Start of GIVEN DATA

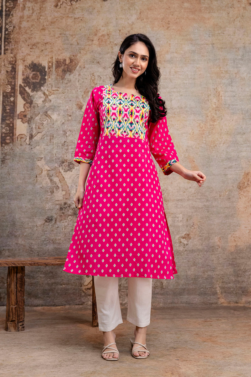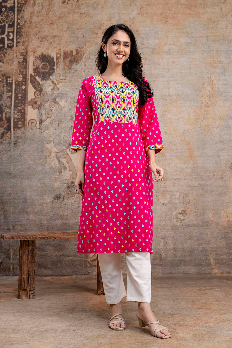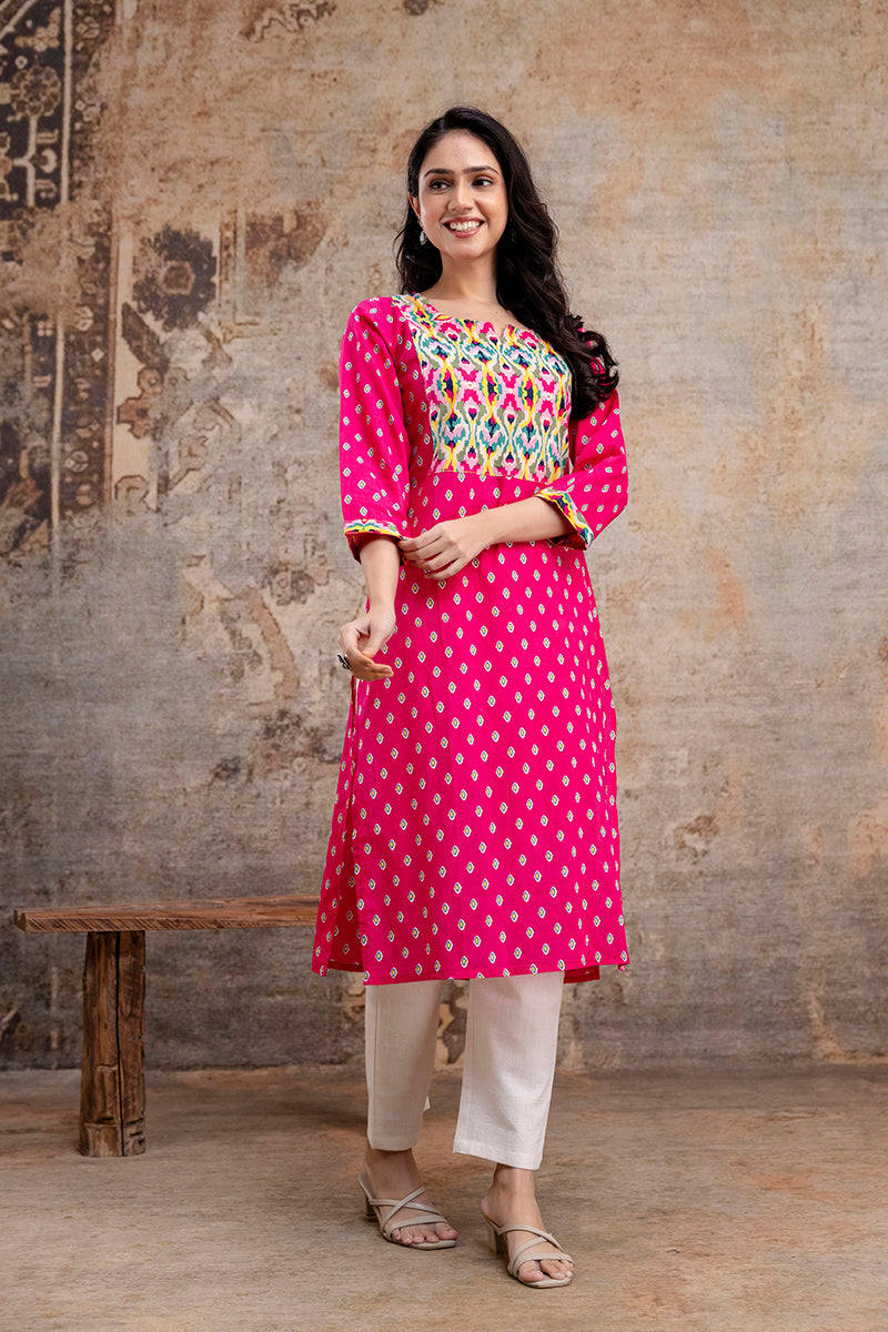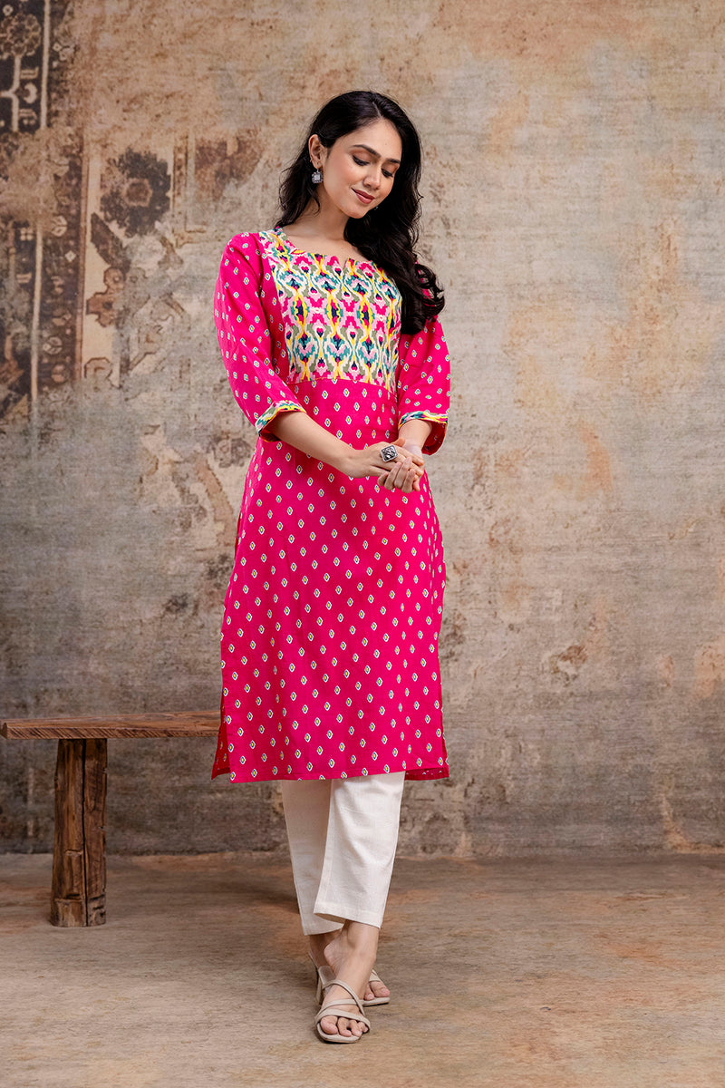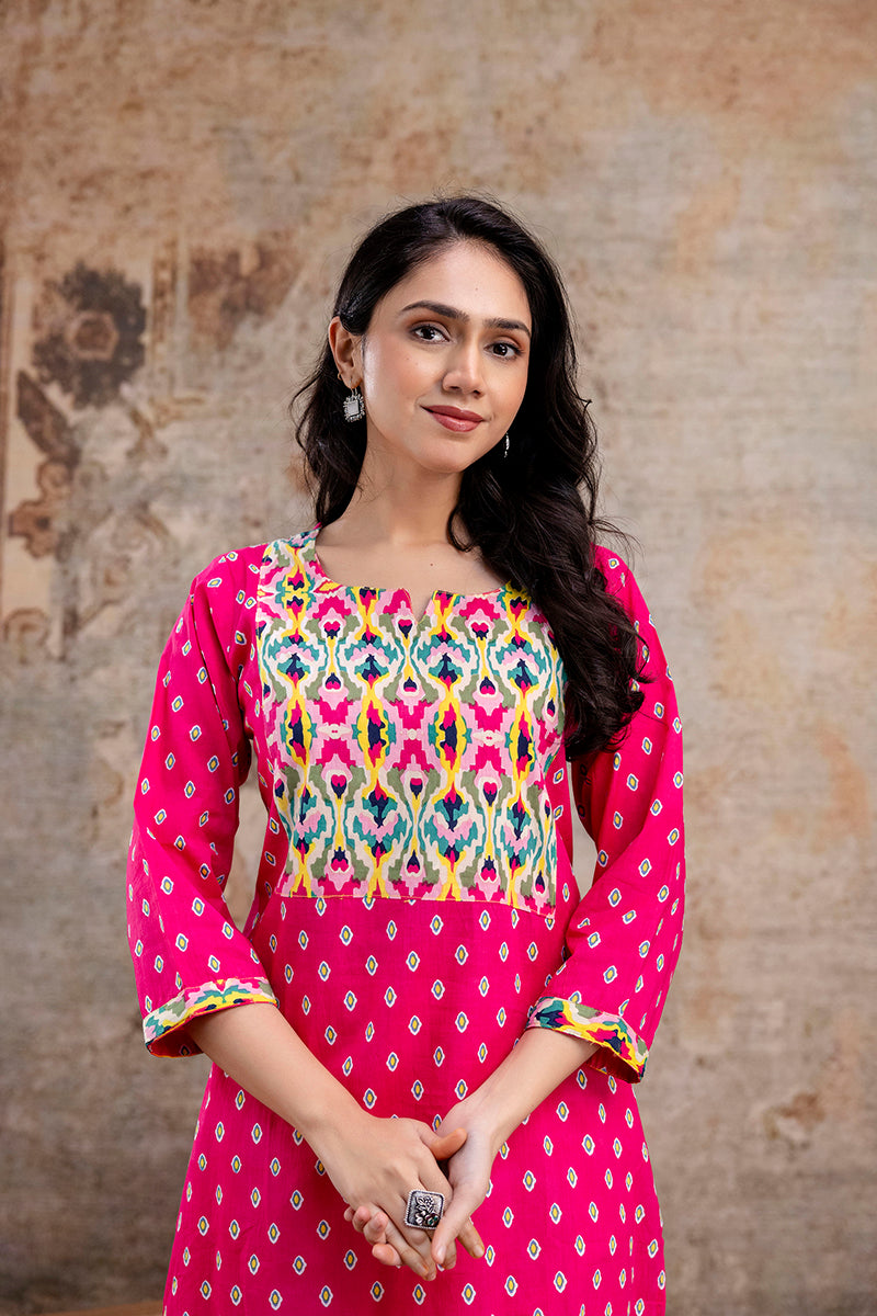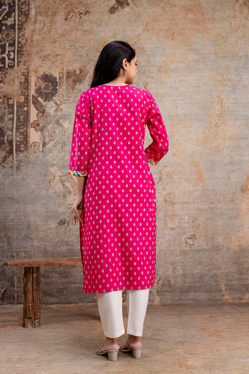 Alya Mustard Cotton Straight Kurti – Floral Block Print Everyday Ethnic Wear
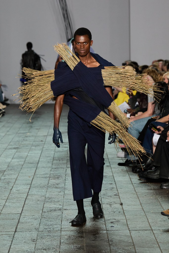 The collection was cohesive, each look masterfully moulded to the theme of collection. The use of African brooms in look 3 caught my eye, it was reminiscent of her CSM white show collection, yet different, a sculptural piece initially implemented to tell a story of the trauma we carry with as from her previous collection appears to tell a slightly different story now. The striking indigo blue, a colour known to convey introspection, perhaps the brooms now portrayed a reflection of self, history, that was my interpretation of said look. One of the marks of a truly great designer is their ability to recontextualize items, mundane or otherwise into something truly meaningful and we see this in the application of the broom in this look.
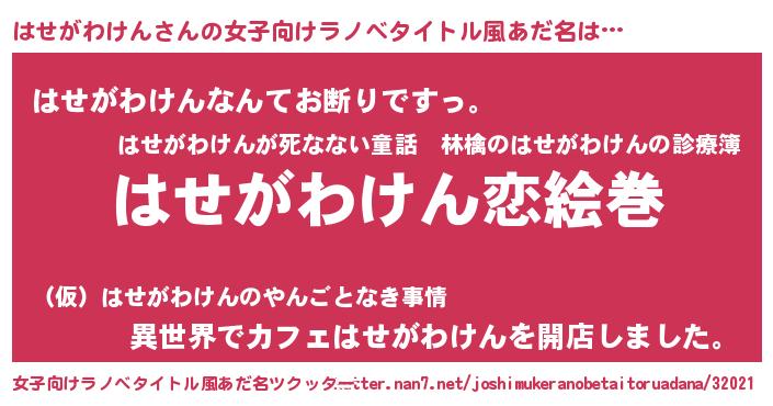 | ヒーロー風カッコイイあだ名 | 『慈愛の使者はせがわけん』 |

End of GIVEN DATA

(WHAT TO DO):
Retype the data above in full, exactly as it stands, and skip any image.

(ANSWER BOX):
 Alya Mustard Cotton Straight Kurti – Floral Block Print Everyday Ethnic Wear
 The collection was cohesive, each look masterfully moulded to the theme of collection. The use of African brooms in look 3 caught my eye, it was reminiscent of her CSM white show collection, yet different, a sculptural piece initially implemented to tell a story of the trauma we carry with as from her previous collection appears to tell a slightly different story now. The striking indigo blue, a colour known to convey introspection, perhaps the brooms now portrayed a reflection of self, history, that was my interpretation of said look. One of the marks of a truly great designer is their ability to recontextualize items, mundane or otherwise into something truly meaningful and we see this in the application of the broom in this look.
 | ヒーロー風カッコイイあだ名 | 『慈愛の使者はせがわけん』 |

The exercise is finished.